En conclusion, les quatre constituants suivants :

Guidé par ces Mémoires : syntagme participial6


Demeuré seul debout sur son rocher : syntagme participial
vieux compagnons qui l’environnaient et le protégeaient contre la tempête : syntagme
nominal

5
Il ne faut pas oublier que la famille de Chateaubriand a payé un lourd tribu aux échafauds dressés par la
Révolution française.
6
Pensez bien à un moment ou un autre dans votre copie à préciser le statut catégoriel des appositions identifiées.
Isolé comme lui : syntagme participial

sont tous des appositions.

1.2. Acception restreinte de Riegel & al. 2016

Riegel & al. restreignent les appositions aux seuls SN en position d’apport.
Dans le relevé précédent, on est donc conduit à ne retenir comme apposition, en ce cas,
que le SN « vieux compagnons qui l’environnaient et le protégeaient contre la tempête ».

2. Etude des adverbe et adverbiaux incidents de phrase

Un incident de phrase doit vérifier les deux propriétés suivantes :


- il est apte à figurer en tête de phrase négative ;
- il est inapte à être focalisé sous c’est … que.

Les deux adverbes peut-être et heureusement dans les phrases :

Peut-être un jour quelque voyageur viendra visiter les lieux que j’ai peints.
Heureusement ma vie n’est pas bâtie sur la terre aussi solidement que les tours où j’ai passé
ma jeunesse.

sont des adverbes de phrase comme le montrent leur réaction aux tests suivants :

Test a : détachement de l’adverbe en tête de phrase négative :

Peut-être un jour quelque voyageur ne viendra pas visiter les lieux que j’ai peints.
Heureusement ma vie n’est pas bâtie sur la terre aussi solidement que les tours où j’ai passé
ma jeunesse.

Test b : Focalisation au moyen de c’est … que

*C’est peut-être qu’un jour quelque voyageur viendra visiter les lieux que j’ai peints.
*C’est heureusement que ma vie n’est pas bâtie sur la terre aussi solidement que les tours où
j’ai passé ma jeunesse.

Ils peuvent donc figurer en tête de phrase négative et ils ne sont pas focalisables, ce qui
constituent la conjonction des deux traits définitoire des adverbes de phrase.
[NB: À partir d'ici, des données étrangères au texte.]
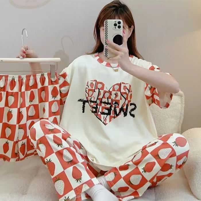 ست سه تبکه لباس راحتی تیشترت شلوار شلوارک فری سایز نخ لاگرا

Ces deux adverbes ne sont pas des conjonctifs car ils peuvent figurer sans difficulté en tête
d’un discours sans présupposer un contexte amont. Ce sont donc des disjonctifs.

Ni l’un ni l’autre enfin de caractérisent la relation du locuteur avec son interlocuteur, ni sa


relation avec la forme, la source ou le statut de son énoncé. Ce sont donc des disjonctifs
d’attitude7.

7A noter que heureusement est classé comme un adverbe (disjonctif d’attitude) évaluatif et peut-être
comme un adverbe (disjonctif d’attitude) modal.